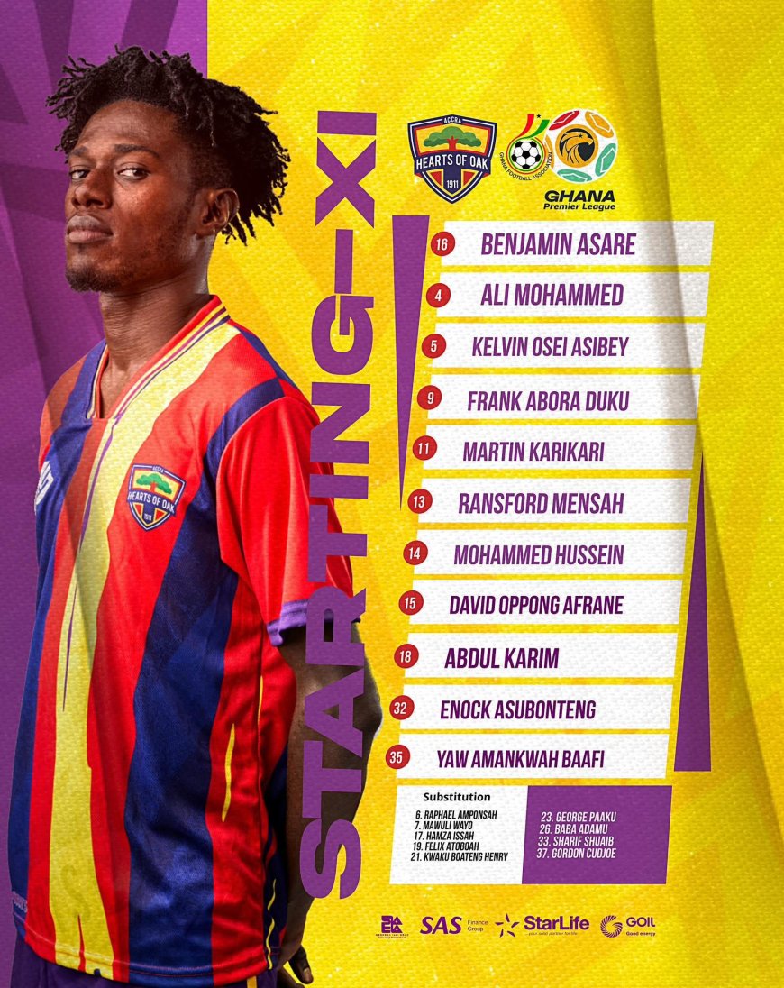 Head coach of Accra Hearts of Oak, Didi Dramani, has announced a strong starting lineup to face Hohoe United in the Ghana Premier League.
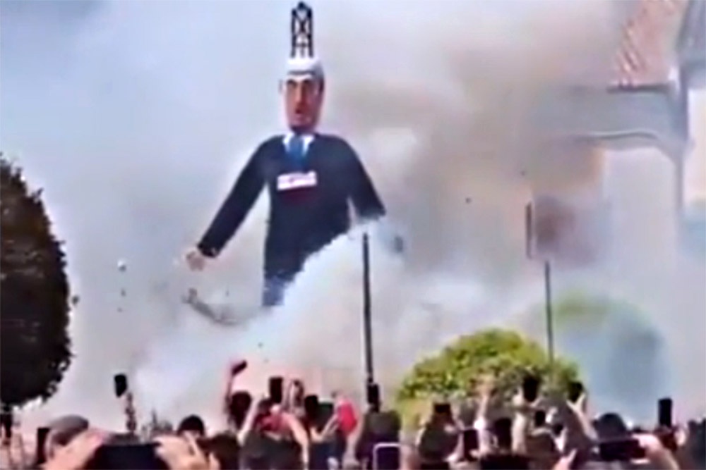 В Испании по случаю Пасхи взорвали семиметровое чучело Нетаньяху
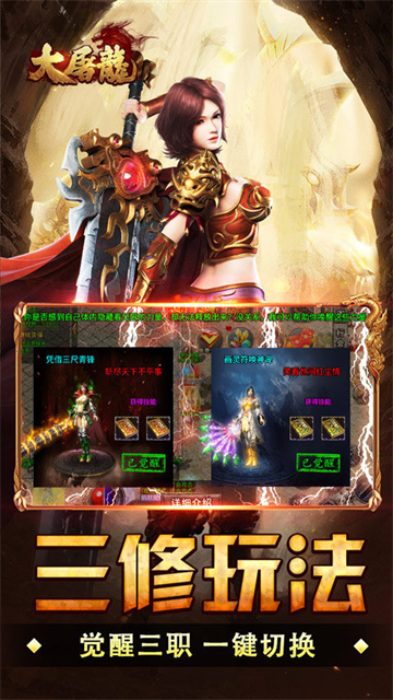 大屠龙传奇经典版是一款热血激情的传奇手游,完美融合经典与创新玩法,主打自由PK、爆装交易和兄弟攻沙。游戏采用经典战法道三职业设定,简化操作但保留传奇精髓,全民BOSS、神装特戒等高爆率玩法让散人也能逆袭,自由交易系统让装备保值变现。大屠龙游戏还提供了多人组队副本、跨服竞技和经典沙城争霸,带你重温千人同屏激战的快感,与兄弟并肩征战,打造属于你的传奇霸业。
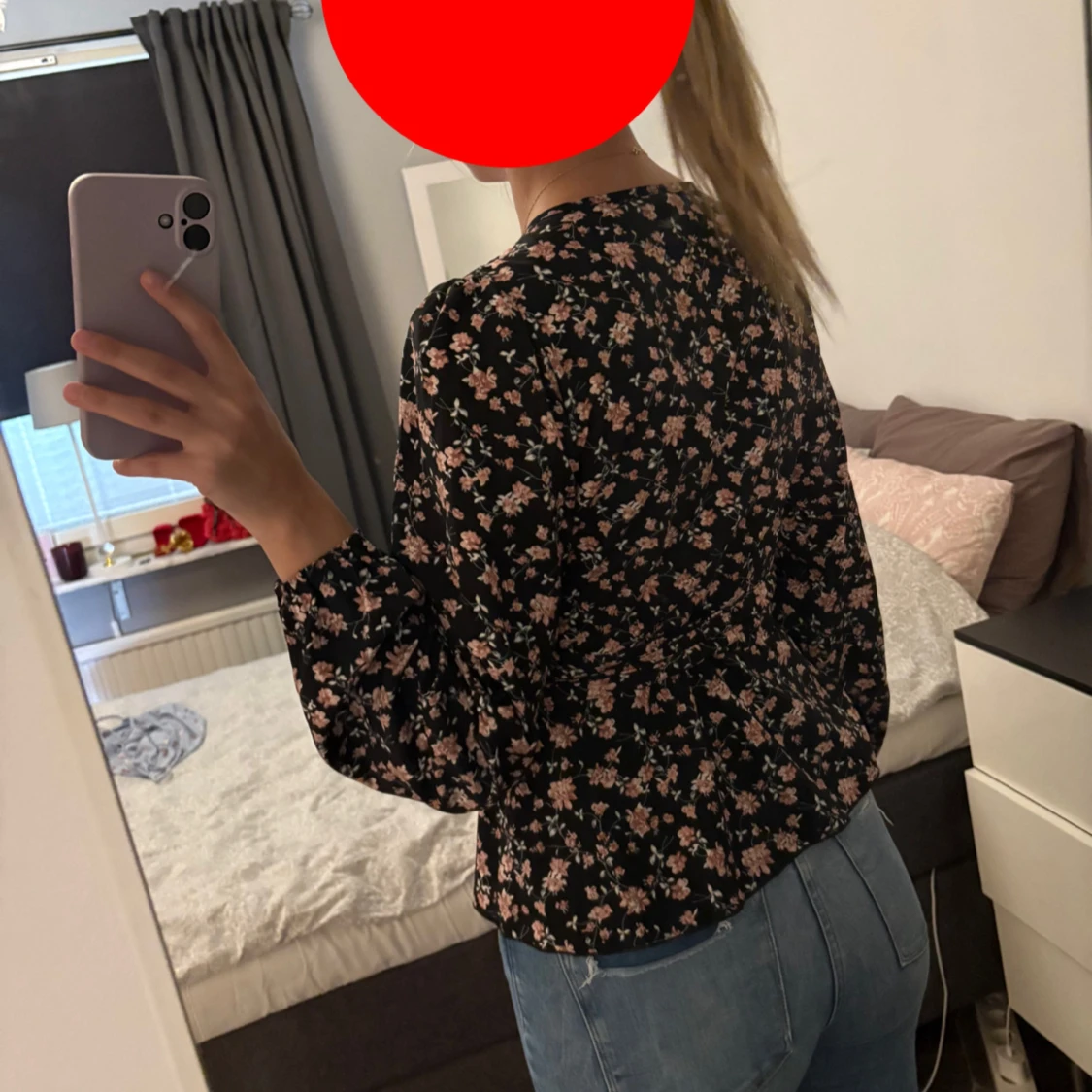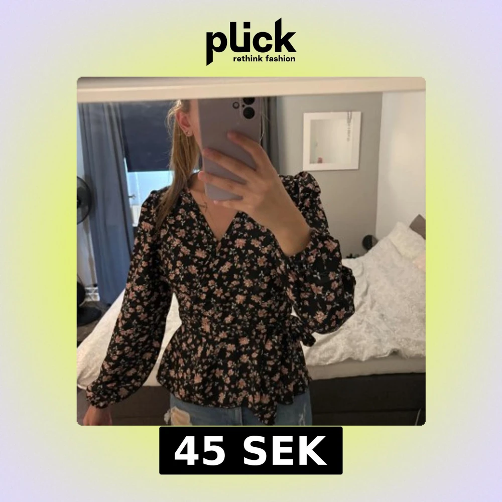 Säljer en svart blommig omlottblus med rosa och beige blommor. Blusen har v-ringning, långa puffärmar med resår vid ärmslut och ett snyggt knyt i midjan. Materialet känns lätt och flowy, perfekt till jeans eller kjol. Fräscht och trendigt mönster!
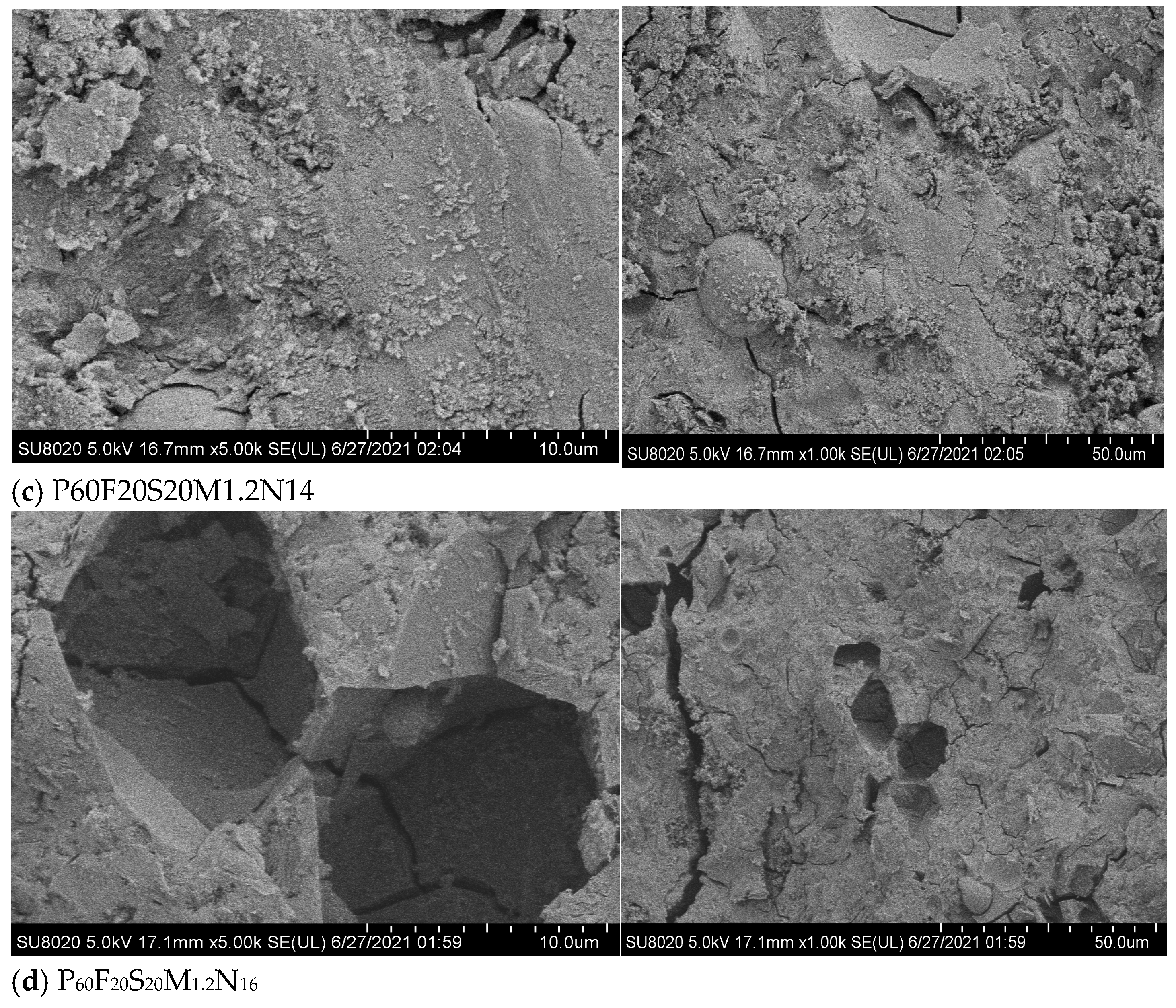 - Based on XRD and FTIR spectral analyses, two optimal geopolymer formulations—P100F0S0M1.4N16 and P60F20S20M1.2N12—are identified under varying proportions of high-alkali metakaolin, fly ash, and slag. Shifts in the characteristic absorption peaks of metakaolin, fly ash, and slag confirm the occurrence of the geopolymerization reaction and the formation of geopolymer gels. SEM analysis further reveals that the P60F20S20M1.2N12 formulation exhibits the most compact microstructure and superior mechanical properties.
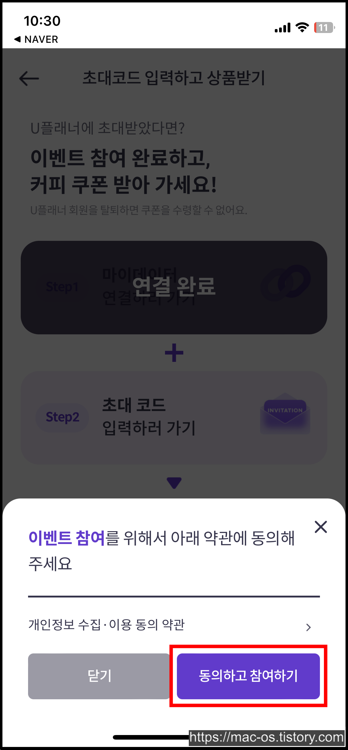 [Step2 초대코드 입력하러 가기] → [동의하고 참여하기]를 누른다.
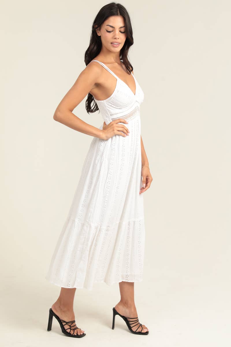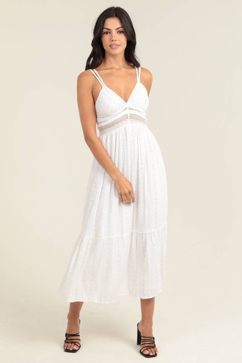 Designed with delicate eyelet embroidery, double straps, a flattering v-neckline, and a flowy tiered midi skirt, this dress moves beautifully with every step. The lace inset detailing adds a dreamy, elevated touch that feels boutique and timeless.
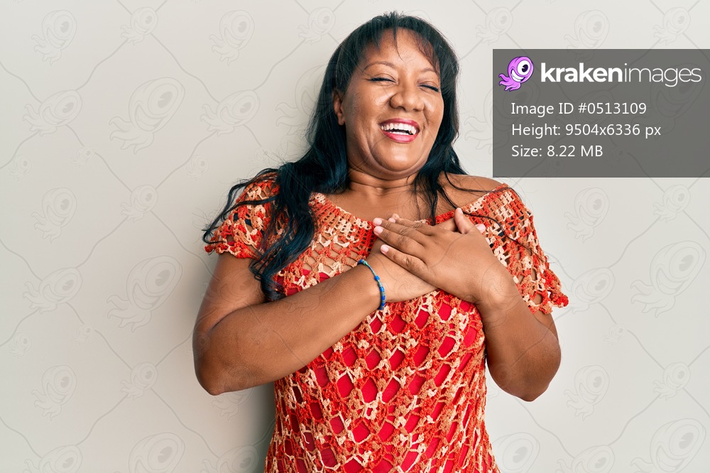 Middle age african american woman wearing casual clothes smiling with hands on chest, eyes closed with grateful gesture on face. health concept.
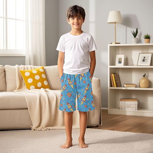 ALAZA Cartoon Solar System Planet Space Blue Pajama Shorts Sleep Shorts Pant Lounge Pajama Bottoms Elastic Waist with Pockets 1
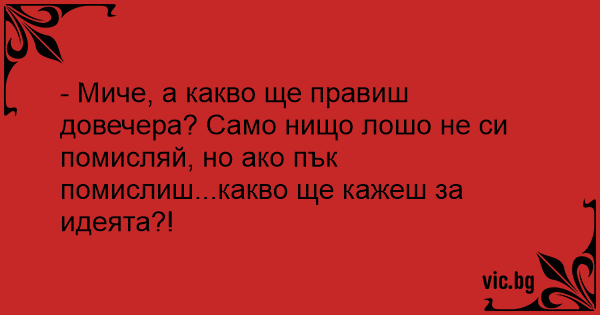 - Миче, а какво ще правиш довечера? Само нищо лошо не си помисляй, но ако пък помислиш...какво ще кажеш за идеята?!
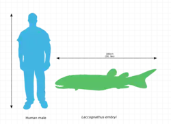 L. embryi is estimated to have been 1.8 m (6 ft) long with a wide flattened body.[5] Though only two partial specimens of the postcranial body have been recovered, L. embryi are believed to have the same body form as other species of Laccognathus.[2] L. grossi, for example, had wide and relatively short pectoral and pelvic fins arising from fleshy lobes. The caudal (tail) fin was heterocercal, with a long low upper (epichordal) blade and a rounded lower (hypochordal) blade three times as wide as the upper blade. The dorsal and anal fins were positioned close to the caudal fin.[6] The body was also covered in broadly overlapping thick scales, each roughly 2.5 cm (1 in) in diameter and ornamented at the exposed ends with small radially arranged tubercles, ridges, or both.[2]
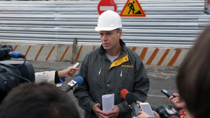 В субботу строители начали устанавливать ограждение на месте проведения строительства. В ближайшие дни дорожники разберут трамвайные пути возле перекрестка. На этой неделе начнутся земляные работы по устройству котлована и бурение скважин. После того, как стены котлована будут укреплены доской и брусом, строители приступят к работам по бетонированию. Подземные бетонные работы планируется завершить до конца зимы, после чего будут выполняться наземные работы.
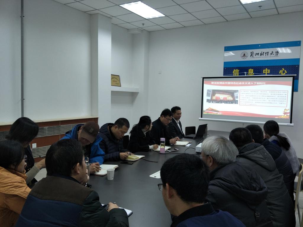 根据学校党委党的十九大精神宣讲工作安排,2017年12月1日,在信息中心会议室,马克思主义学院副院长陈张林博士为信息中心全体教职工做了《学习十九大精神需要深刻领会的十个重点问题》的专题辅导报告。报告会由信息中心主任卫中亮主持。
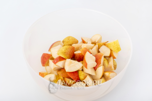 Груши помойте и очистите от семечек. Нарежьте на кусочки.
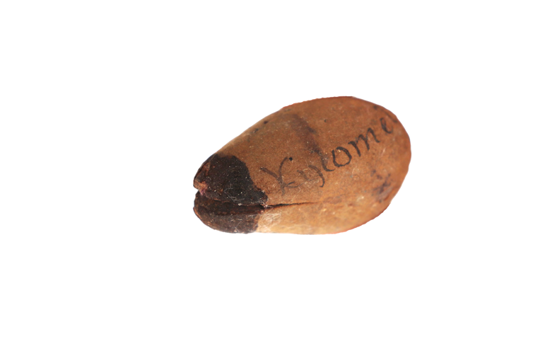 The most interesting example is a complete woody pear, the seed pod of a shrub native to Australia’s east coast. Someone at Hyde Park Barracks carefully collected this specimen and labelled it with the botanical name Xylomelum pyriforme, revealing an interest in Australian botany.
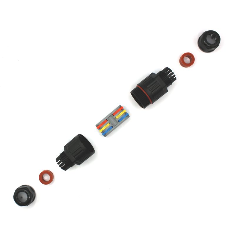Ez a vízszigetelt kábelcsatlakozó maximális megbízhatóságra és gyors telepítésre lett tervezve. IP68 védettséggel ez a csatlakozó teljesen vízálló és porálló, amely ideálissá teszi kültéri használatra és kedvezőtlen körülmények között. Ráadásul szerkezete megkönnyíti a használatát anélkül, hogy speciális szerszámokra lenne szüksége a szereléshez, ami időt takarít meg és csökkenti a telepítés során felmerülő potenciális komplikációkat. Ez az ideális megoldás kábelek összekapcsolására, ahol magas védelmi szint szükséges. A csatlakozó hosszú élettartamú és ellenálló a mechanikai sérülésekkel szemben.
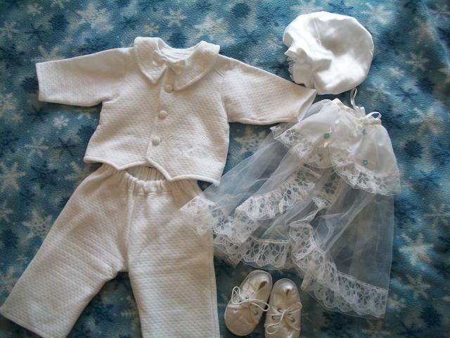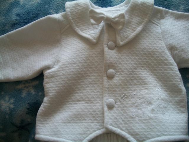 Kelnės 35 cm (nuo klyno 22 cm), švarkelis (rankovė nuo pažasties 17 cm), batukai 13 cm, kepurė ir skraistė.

+---+

Return the material from the line containing "Designed with delicate" through the line containing "Middle age african", exactly and in full, but without its pictures.

 Designed with delicate eyelet embroidery, double straps, a flattering v-neckline, and a flowy tiered midi skirt, this dress moves beautifully with every step. The lace inset detailing adds a dreamy, elevated touch that feels boutique and timeless.
 Middle age african american woman wearing casual clothes smiling with hands on chest, eyes closed with grateful gesture on face. health concept.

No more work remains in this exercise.